Uno sguardo sul mondo si estende a Revogo di André Liohn, Political Theatre di Mark Peterson, Where the children sleep di Magnus Wennman e Heavens di Paolo Woods e Gabriele Galimberti.

Lo Spazio World.Report Award, espone i quattro lavori selezionati nell’ambito del World. Report Award | Documenting Humanity 2016:


    William Daniels con il reportage "C.A.R" per la sezione Master Award;
    Francesco Comello con il reportage "Isle of Salvation" per la sezione Spot Light Award;
    Sadegh Souri con il reportage "Waiting Girls" per la sezione Short Story Award;
    Javier Arcenillas con il reportage "Latidoamerica" per la sezione European Photographer Award | Spain 2016.

in via del tutto eccezionale, questo spazio espone anche Pobeda di Karim El Maktafi e Ainu Nenoan Ainu di Laura Liverani, premiati nell’ambito dell’ultima edizione del Premio Voglino, istituito dal Frame Foto Festival di Salsomaggiore.

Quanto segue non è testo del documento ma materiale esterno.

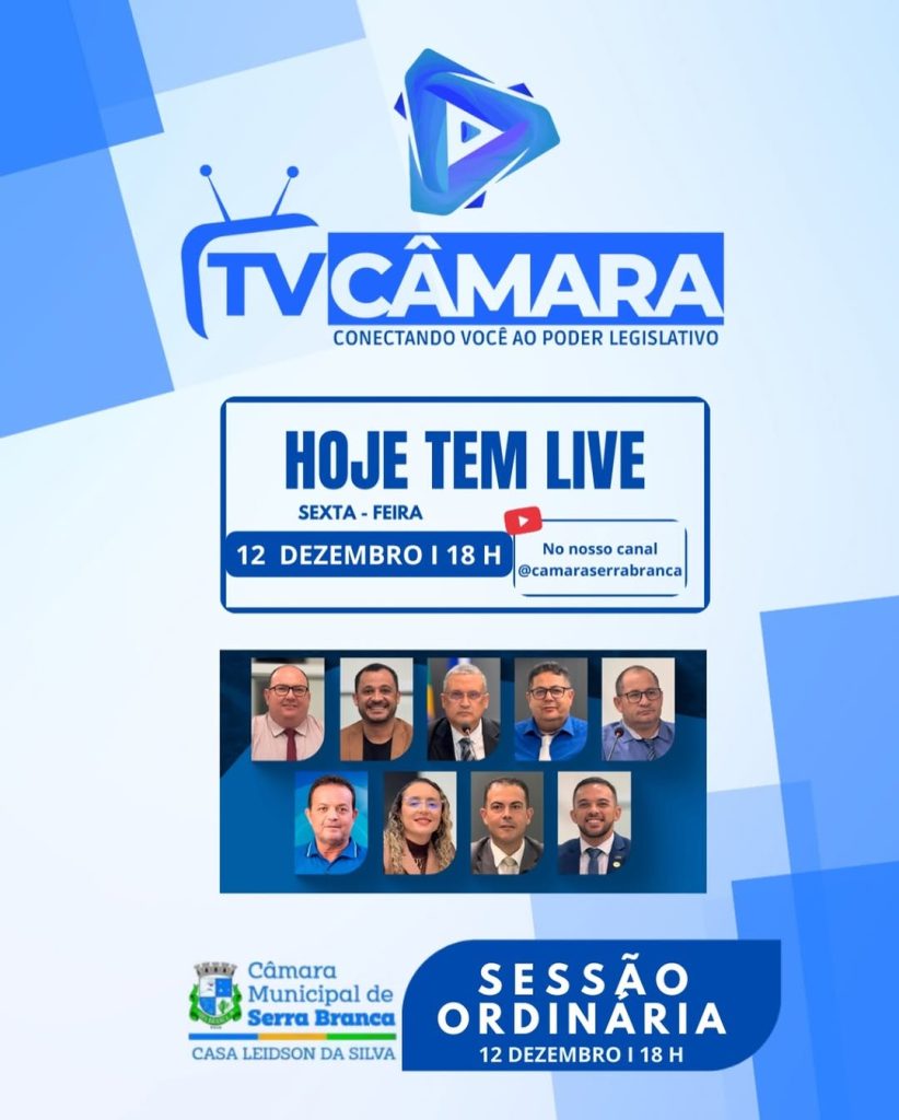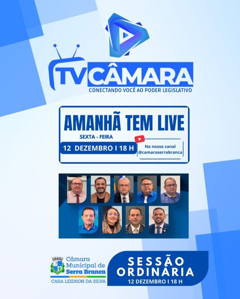 Amanhã tem Sessão Ordinária na Câmara Municipal de Serra Branca! Às 18h, você acompanha tudo…
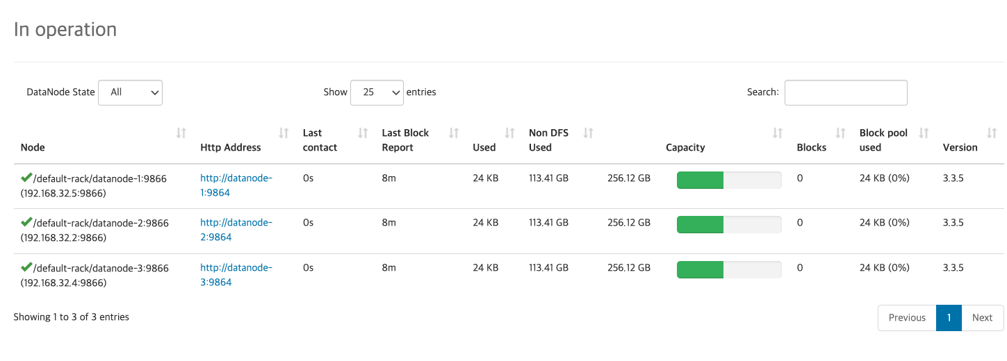 1개의 네임노드 서비스와 3개의 데이터노드 서비스를 실행합니다.

L'appuntamento con il Weekend inaugurale è fissato per il prossimo 8 e 9 ottobre, ma preparatevi a seguire le 18 mostre perché, dopo i 4 weekend di esposizioni, l’iniziativa Travelling Festival le renderà itineranti, spostandole dalle sedi più prestigiose del centro storico di Lodi, a quelle di altre città d’Italia, come Milano, Voghera, Perugia e Bergamo, con una programmazione che sarà presto online.